Reply Wed 14 Apr, 2010 03:13 pm
@Mentally Ill,
Mentally Ill;151983 wrote:
People are always saying things like "I swear I heard you say Gray!" and "No, I definitely said Pray, I know what I said" , "well, I know what I heard"

Clearly someone is wrong. Clearly, our faculties are imperfect in some way.
Therefore, it's evident that our faculties are not entirely trustworthy.


But do our faculties have to be entirely trustworthy to be reliable. Does "entirely trustworthy" mean, cannot make any mistakes at all? Perfection?
 
Mentally Ill
 
Reply Wed 14 Apr, 2010 03:17 pm
@kennethamy,
Oh, of course not.
My senses and cognitive faculties are definitely reliable, but imperfect.
I rely on them every moment of my life and they haven't let me down yet.
 
kennethamy
 
Reply Wed 14 Apr, 2010 03:21 pm
@Mentally Ill,
Mentally Ill;151988 wrote:
Oh, of course not.
My senses and cognitive faculties are definitely reliable, but imperfect.
I rely on them every moment of my life and they haven't let me down yet.

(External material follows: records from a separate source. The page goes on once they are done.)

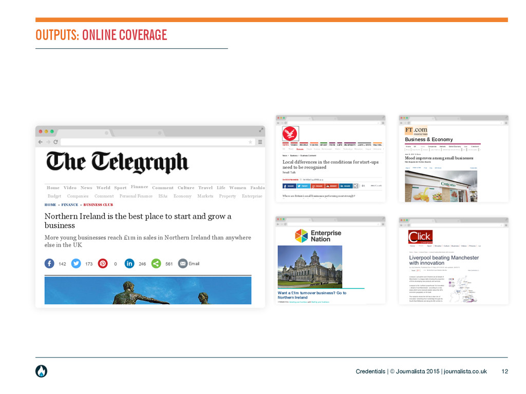2015 Northern Ireland is the best place to start and grow a business More young businesses reach £1m in sales in Northern Ireland than anywhere else in the UK Search - enhanced by OpenText Home Video News World Sport Finance Comment Culture Travel Life Women Fashion Luxury Tech Cars Film Budget Companies Comment Personal Finance ISAs Economy Markets Property Enterprise Deals Telegraph Investor HOME » FINANCE » BUSINESS CLUB Email 142 173 0 246 561 News > Business > Business Comment NEWS VIDEO PEOPLE VOICES SPORT TECH LIFE PROPERTY ARTS + ENTS TRAVEL MONEY INDYBEST STUDENT OFFERS UK World Business People Science Environment Media Technology Education Images Obituaries Diary Corrections Newsletter Appeals PRINT A A A Where are Britain’s small businesses performing most strongly? If your instinct is that London, where the economy is growing faster than in the rest of the country, is the place to look for small business success, you’re right – but also wrong. Research published last week jointly by the Enterprise Research Centre and the Business Growth Service paints a fascinating picture of the geographical diversity of small businesses – and suggests the progress they make and the challenges they face are far more nuanced than policymakers may understand. Take London, for example. With around 90 start-up businesses for every 10,000 people in the population over the past 12 months, it is miles ahead of anywhere else on business creation (the average figure across the country is 50 or so). But London is close to the bottom of the table on start-up survival rates – just one in two businesses started in the capital three years ago are still trading. Looking for a high-growth business? Then your best bet is to talk to start-up companies in Northern Ireland, where 11 per cent of launches in 2011 were turning over at least £1m by 2014 – the national average is closer to 6 per cent. Or maybe try the Thames Valley, where 9 per cent of companies with a turnover of between £1m and £2m in 2011 had grown that to £3m by 2014, a larger proportion than anywhere else. The research also suggests that businesses based in different part of the country are struggling to overcome different types of obstacles. In London, the most significant issue appears to be Local differences in the conditions for start-ups need to be recognised Small Talk DAVID PROSSER MONDAY 22 JUNE 2015 51 ADVERTISING More ON THIS TOPIC LSE chief sees debt as threat to economy UK retail spending rises 4.6% in May Start-up map shows enterprise hotspots UK construction data show firmer recovery IN UK BUSINESS & ECONOMY Graduates set a record for finding jobs Is a new City era dawning? Pellets add fuel to fire in Liverpool port Wealth managers shun moderately rich Sign up now FirstFT is our new essential daily email briefing of the best stories from across the web Share Author alerts Print Clip Gift Article Comments June 22, 2015 12:02 am Kate Burgess and Andrew Bounds The mood of entrepreneurs and small businesses has picked up in the second quarter since the election, with revenues, profits, staff levels and wages all rising. Entrepreneurs’ commitments to invest more in their businesses over the next 12 months reached highs not seen since 2010, according to a survey by the Federation of Small Businesses. The FSB’s findings follow work published last week by academics at the Enterprise Research Centre in Birmingham who said the rate of growth among the UK’s small and medium-sized enterprises and start- ups was back at pre-financial crash levels in 2008. The FSB’s findings also echo a more positive mood among small quoted businesses, with one manager of a portfolio of investments in fledgling public companies saying she had not seen such confidence for years. She said “the lid lifted” after the election, ending months of uncertainty. Official data published last week showed average weekly pay for employees increased 2.7 per cent in the three months to April and real earnings growth was at rates not seen since September 2007. The FSB, which has 200,000 members, many self- employed, said levels of spare capacity, which affects interest rate decisions, have dropped from 47.7 per cent to 40.7 per cent. But it added rising confidence was lifting productivity “which should be encouraging to policy makers, who have been grappling with the issue of low productivity growth Home UK World Companies Markets Global Economy Lex Comment Management Personal Finance Life & Arts Africa Asia-Pacific Europe Latin America Middle East & North Africa UK US & Canada Science & Environment World Blog Tools Mood improves among small businesses ©Costcutter ft.com > uk > Business & Economy You are signed in Northern Ireland is home to the most entrepreneurs who achieve a £1m turnover within three years of starting their company, a new report that plots UK small business growth has shown. According to the Enterprise Research Centre (ERC) more Northern Irish small companies reached the 'magic milestone' between 2011 and 2014 than anywhere else in the UK. The country has a 10% average for firms hitting the mark with small companies in the west and south regions of the country leading the way followed by 9.7% of companies based in Belfast. The Northern Ireland average for £1m turnover firms compares to 7.9% in London and 6.2% in England overall. Cumbrian firms have the lowest proportion with 2.2% reaching £1m. Professor Mark Hart, deputy director of ERC said: "Part of the story in Northern Ireland is long-standing policy infrastructure, a commitment by government and its agencies to invest in the enterprise agenda from startup through to growth. "Local policy, through the Department of Enterprise, Trade and Investment and its agency Invest NI, working with partners on the ground, seems to be making a difference. Sign In Become an EN member Want a £1m turnover business? Go to Northern Ireland 17/06/2015 in Growing your business and Starti
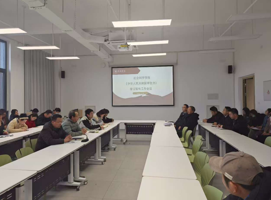2025年1月5日下午,社会科学学院在南湖校区教二楼509会议室召开了《中华人民共和国学位法》(以下简称《学位法》)学习宣传工作会议。本次会议旨在帮助全院教师全面准确把握学位授予、学位管理、学位监督等方面的具体法律内容,深刻领会《学位法》的立法精神,进一步规范学院的学位工作,提高人才培养质量。学院院长郭志祥、党总支书记胡志国、副院长寇博文及全体教职工参加此次会议。
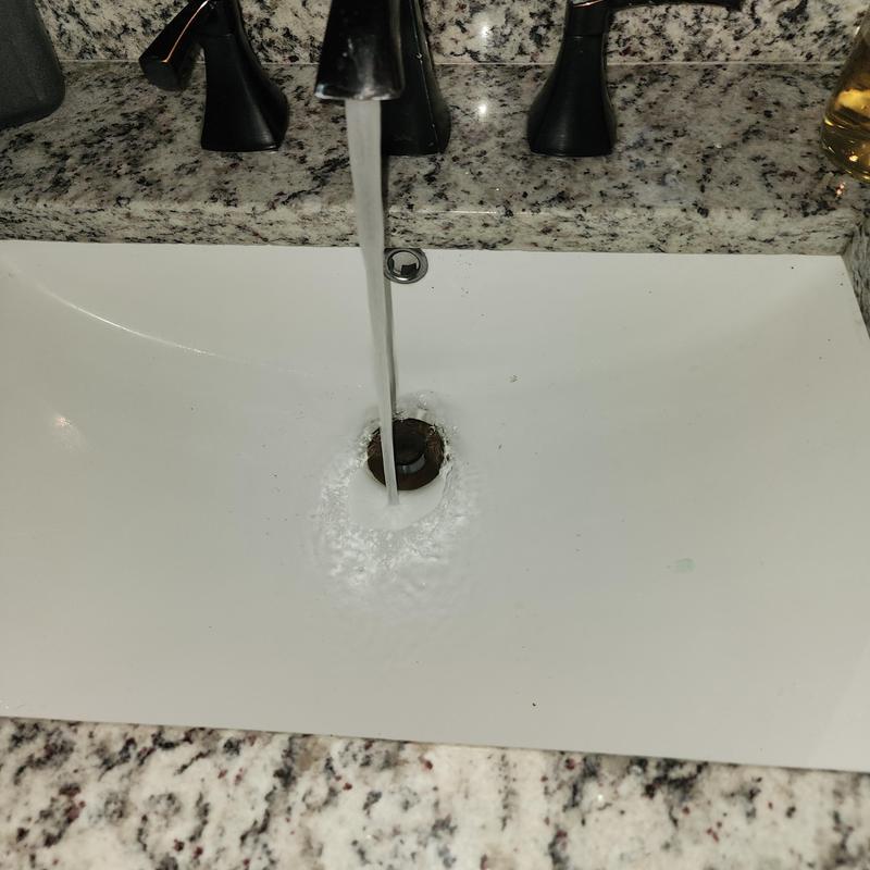 A home in Conroe, TX had a bathroom sink affected by a blockage in the sanitary sewer line. The plumber cleared the drain using a sewer machine and removed all debris. Water was tested to confirm the sewer line drained properly.
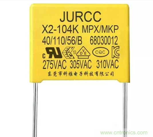 X電容是跨接在電力線兩線之間,即“L-N”之間,X電容器能夠抑制差模干擾,通常采取金屬化薄膜電容器,電容容量是uF級。X電容多數(shù)是方型,也就是類似于盒子的形狀,在它的表面一般都標(biāo)有安全認(rèn)證標(biāo)志、耐壓字樣(一般有AC300V或AC275V)、依靠標(biāo)準(zhǔn)等信息。X電容雖然是CBB電容的一種,但是并不是每一種CBB電容就能做X電容必須要達(dá)到安規(guī)標(biāo)準(zhǔn)。
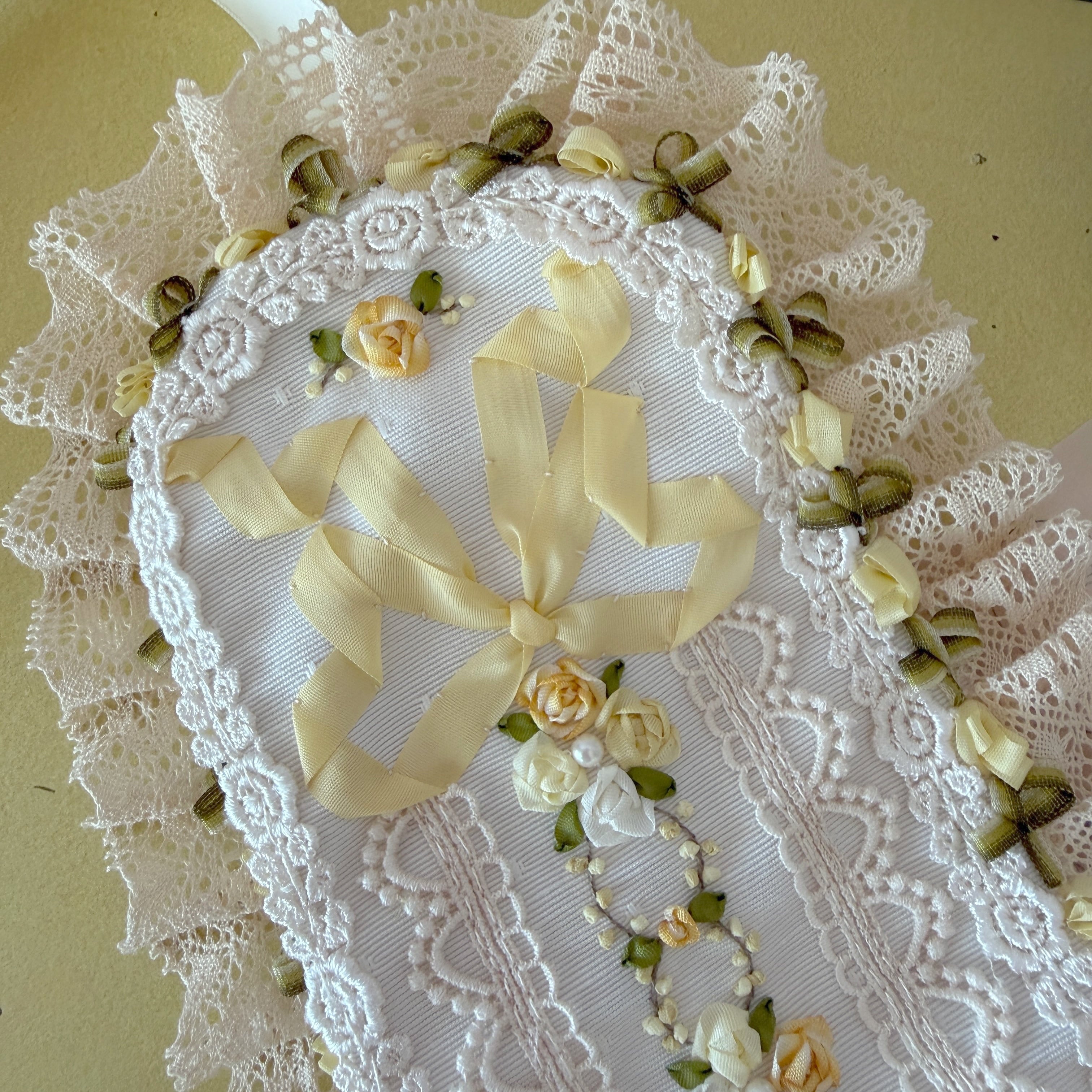 作品に使われているリボンや糸をひっかけないよう十分ご注意くださいませ。
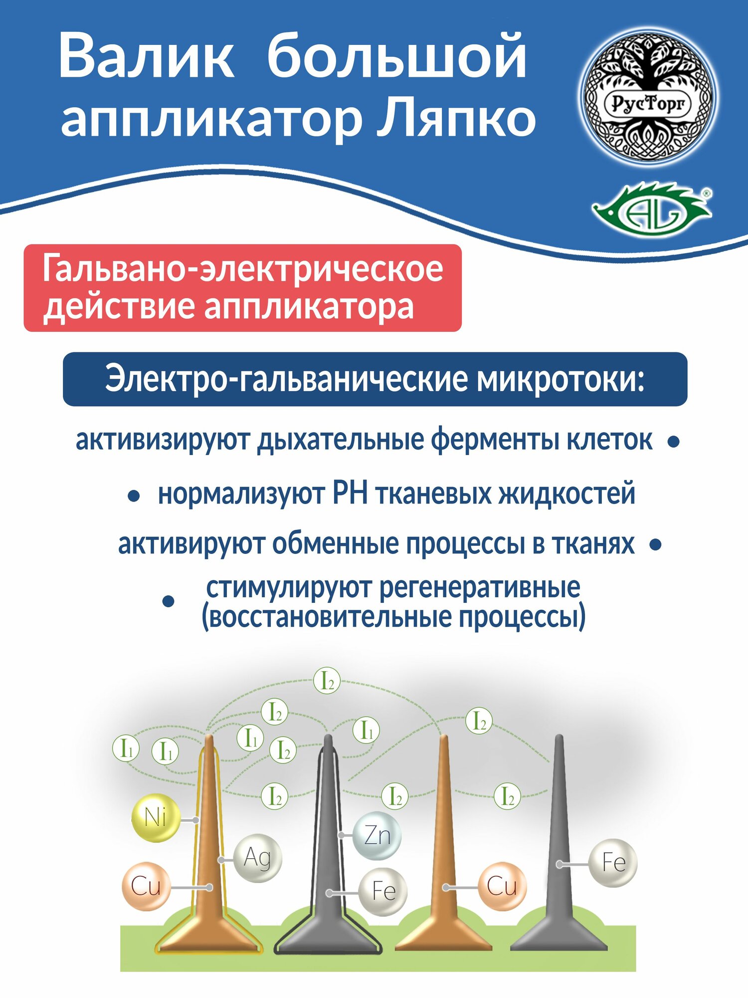 Гальванический ток, возникающий в коже, на остриях и между иглами носит импульсный характер. При обработке спины и других труднодоступных участков тела валик требует участия помощника. Валик Универсальный М предназначен для лечения и точной рефлекторной диагностики. Благодаря гибким боковым резиновым втулкам оказывается более мягкое, деликатное воздействие на кожу.

So, I guess there is the answer. Our faculties are reliable.
 
Mentally Ill
 
Reply Wed 14 Apr, 2010 06:01 pm
@kennethamy,
kennethamy;151990 wrote:
So, I guess there is the answer. Our faculties are reliable.


Reliable as they are, I still don't entirely trust 'em :shifty:
 
HexHammer
 
Reply Wed 14 Apr, 2010 07:09 pm
@HexHammer,
answer revoked, will make new answer.
 
kennethamy
 
Reply Wed 14 Apr, 2010 07:15 pm
@Mentally Ill,
Mentally Ill;152039 wrote:
Reliable as they are, I still don't entirely trust 'em :shifty:


If by that, you mean that they might go wrong, I thought we have already agreed about that. They might, indeed, go wrong. But that does not mean they are not reliable. I consider my car reliable, but I don't think it is impossible that something might go wrong.
 
Mentally Ill
 
Reply Sat 17 Apr, 2010 12:11 am
@kennethamy,
Yeah I agree, I'm just sayin...
Keep your eyes open, but not too open
 
Pepijn Sweep
 
Reply Sat 17 Apr, 2010 01:05 am
@Mentally Ill,
From my courses in computer-science I remember one thing very clearly: garbage in, garbage out my professor used to say. I think this also is valid for humans. The cognitive faculties might work fine, but if information is corrupted there is little change of a good out-put.

On the other hand I think our cognitive faculties can manage pretty well in general. Even in really new circumstances they seem to cope. On top of that we have intuition to support our thinking if facts are not sufficient. Next to ratio I mean.